Naturally occurring arsenic is found at high levels in many of Bangladesh's aquifers, a situation that threatens the health of up to 70 million people who drink well water there.

Stevens will work with Earth Identity Project to establish a technology center in Bangladesh that will deploy Stevens' patented technology for removing arsenic from drinking water.

Two years of testing

In 1999, engineers at Stevens' Center for Environmental Engineering created a low-cost, small-scale system that families can use to treat arsenic-contaminated water.

Stevens has been testing this treatment system in Bangladesh during the past two years.

The system requires no electricity, costs only a few dollars a year per family and reduces arsenic in well water to acceptable levels for human consumption.

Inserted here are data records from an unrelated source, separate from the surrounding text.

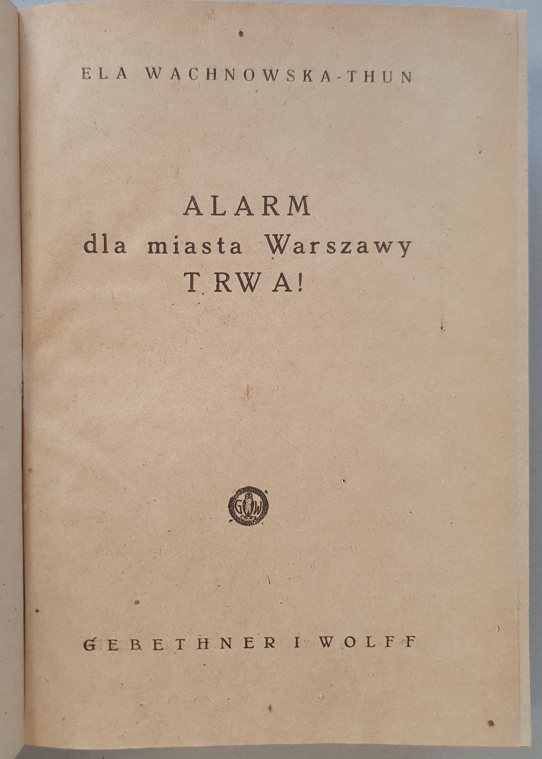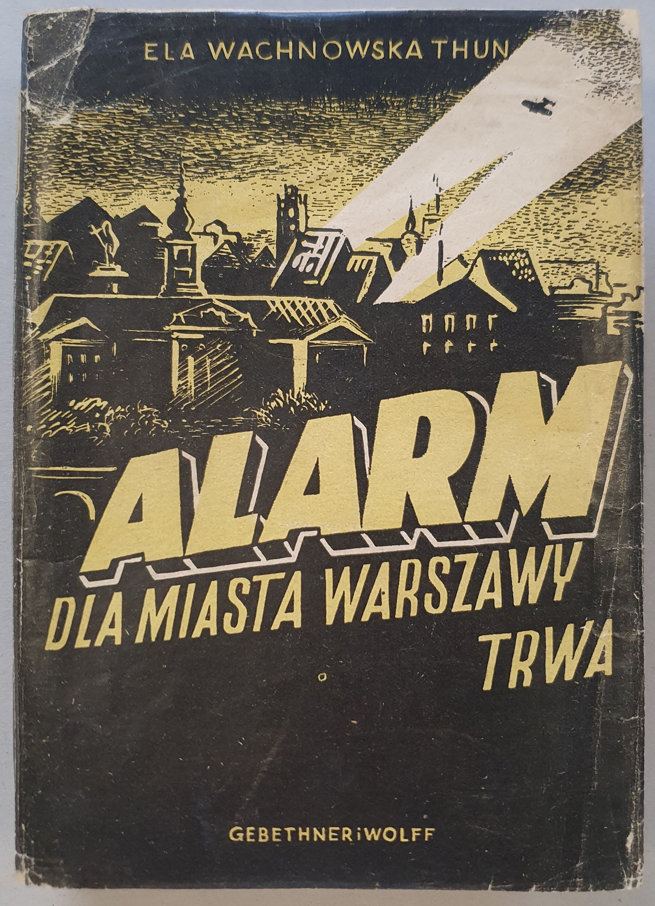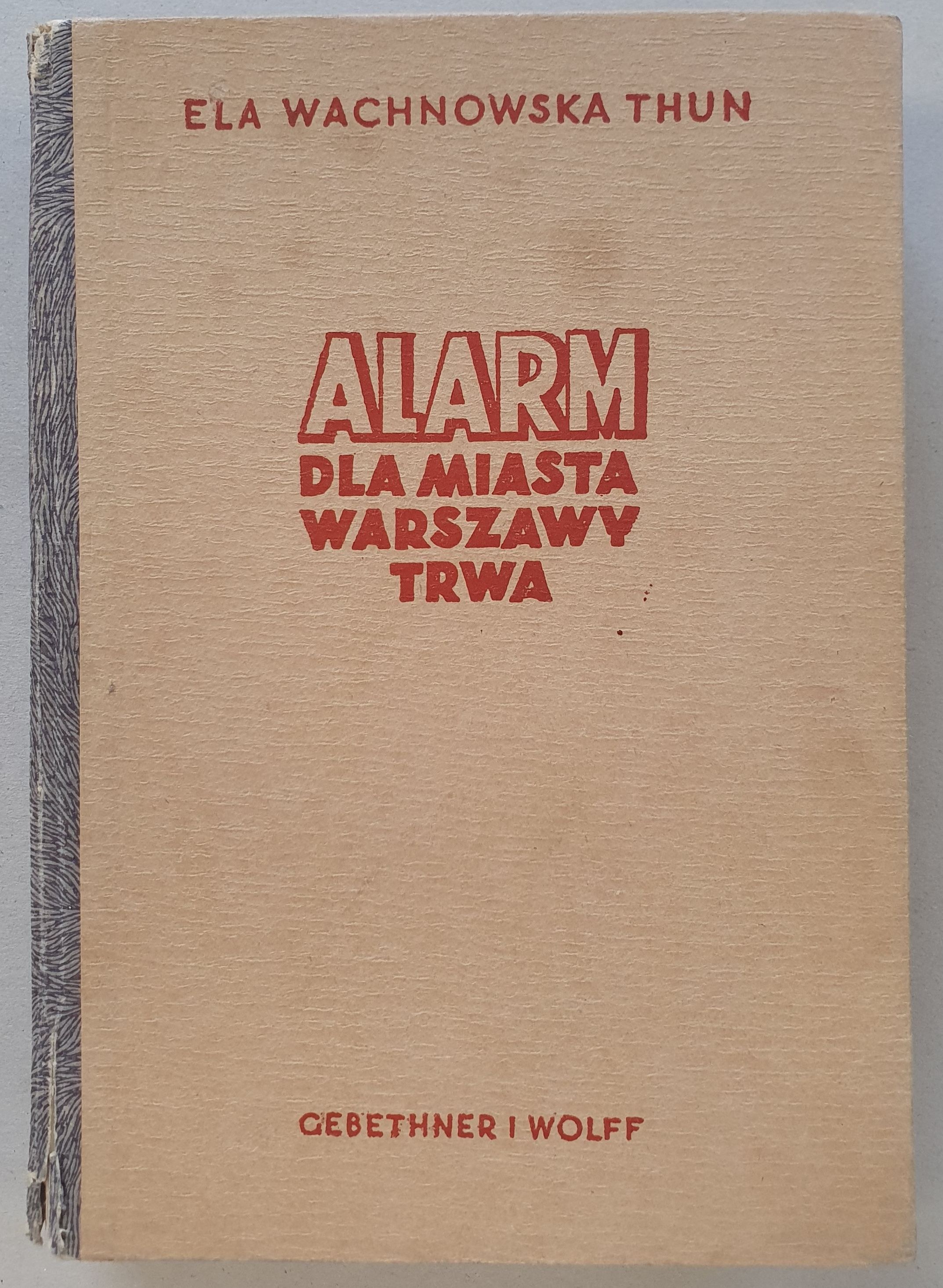 Wachnowska - Thun Ela - ALARM dla miasta Warszawy TRWA! Gebethner i Wolff, Drukarnia Państwowa Nr. 1 Warszawa.1946. Oprawa twarda z obwolutą, 640 s., 21 cm.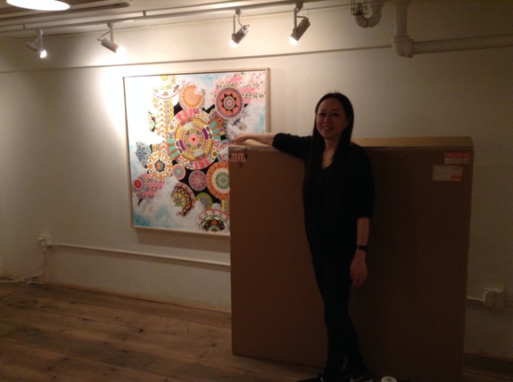 131×131×18cm の梱包された作品をカートに乗せると前が見えない。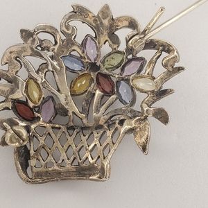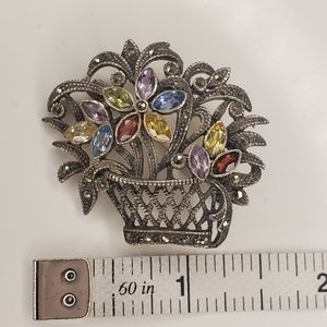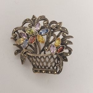 Gemstone marcasite flower basket pin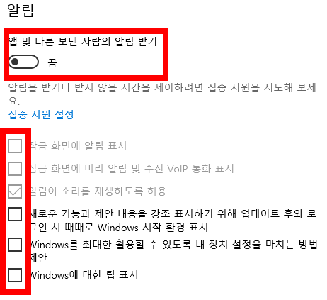 - 앱 및 다른 보낸 사람의 알림 받기 → 끔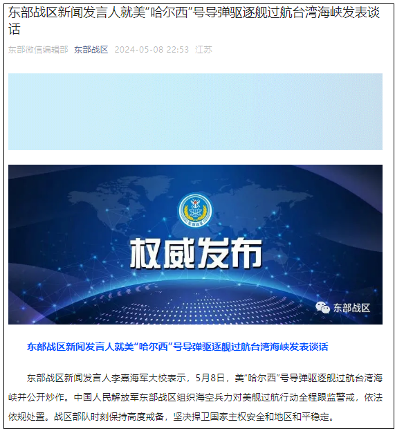 東部戰區新聞發言人李熹海軍大校表示,5月8日,美“哈爾西”號導彈驅逐艦過航台灣海峽並公開炒作。中國人民解放軍東部戰區組織海空兵力對美艦過航行動全程跟監警戒,依法依規處置。戰區部隊時刻保持高度戒備,堅決捍衛國家主權安全和地區和平穩定。(完)
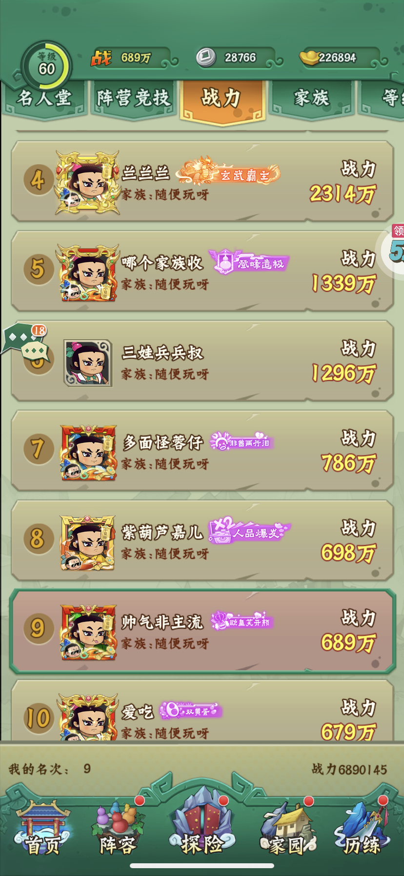 战力10亿,名人堂第三名,竞技场第二名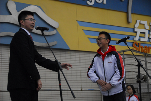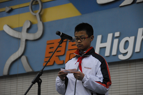 王:下面我们有请高一8班的王嘉成来和大家谈一谈文明礼仪对于一个优雅的南外学子来说有多么的重要。大家欢迎。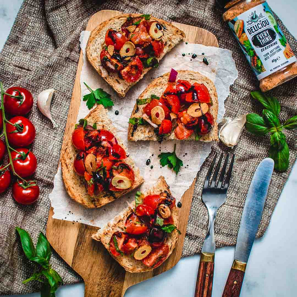This Bruschetta recipe stays true to its Italian roots but is packed with flavour! Make this as a light dinner, a starter, or a quick and delicious and snack!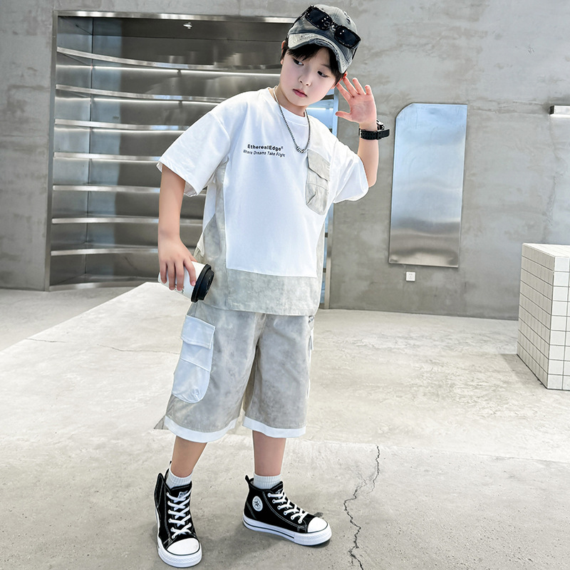 남학생 여름복 세트 2025 신작 여름 반팔 투피스 세트 중대형 어린이 바느질 도구 반바지 시원하고 트렌디
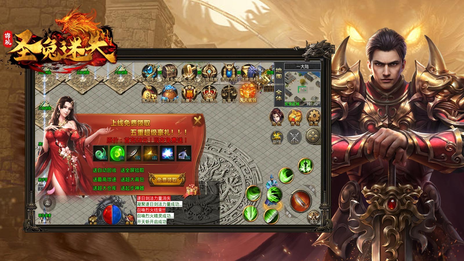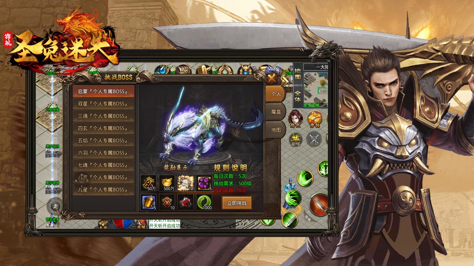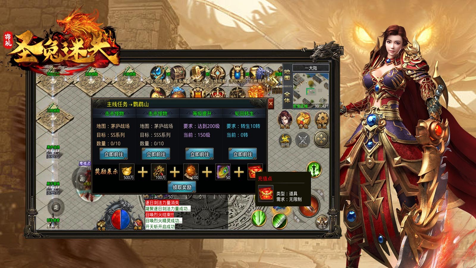 4.大陆地图:本服分为转生地图、称号地图、各大BOSS应有尽有。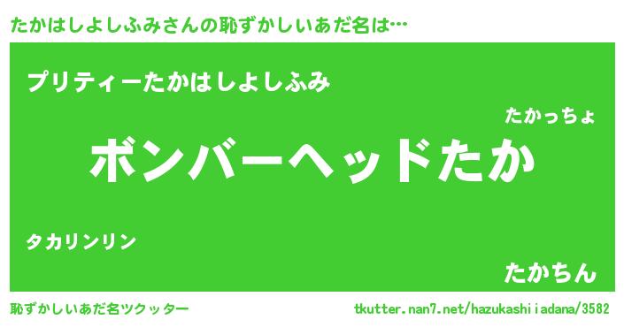 | ヘコむあだ名 | 『たかにー』『たかはしよしふみ(笑)』 |

The success of Stevens' recent pilot projects with villages in Bangladesh led to the collaborative agreement with Earth Identity Project.

Earth Identity Project's director general, Nasrine R. Karim, and Stevens President Harold J. Ravech jointly announced the water-treatment agreement.

Project's background

The Center for Environmental Engineering at Stevens Institute of Technology has patented technology for removing arsenic from drinking water.

This technology has been developed on a large scale for water treatment plants and on a low-cost, family-size scale for developing countries in crisis such as Bangladesh.

The Stevens filtration process has been used in the United States for the removal of arsenic from ground water and surface water since 1997.

The filtration units can be installed in public water treatment plants as well as in ground water remediation projects.

With the U.S. Environmental Protection Agency's recent requirements for lowering acceptable arsenic levels in U.S. drinking water to a standard of 10 parts per billion (from the previous standard of 50 parts per billion), domestic demand for this technology is expected to expand in the near future.

In Bangladesh, naturally occurring arsenic leaches into aquifers in high concentrations. To produce clean drinking water with such a situation, a family would collect well water in a bucket and add a packet containing coagulant chemicals to the water.

After mixing, the water is transferred to another bucket with sand-based filter material. The water that comes out of that bucket's bottom spout is safe for drinking.

Company being formed

Taking its existing large-scale technologies to a much smaller scale, Stevens developed and patented both the bucket filtration system and the chemicals for it. MetalFilter, a new company under development at Stevens, is bringing the Stevens water treatment technologies to commercialization.

Established in 1870, Stevens offers baccalaureate, master's and doctoral degrees in engineering, science, computer science, management and technology management, as well as a baccalaureate in the humanities and liberal arts. The university has a total enrollment of about 1,600 undergraduates and 2,500 graduate students.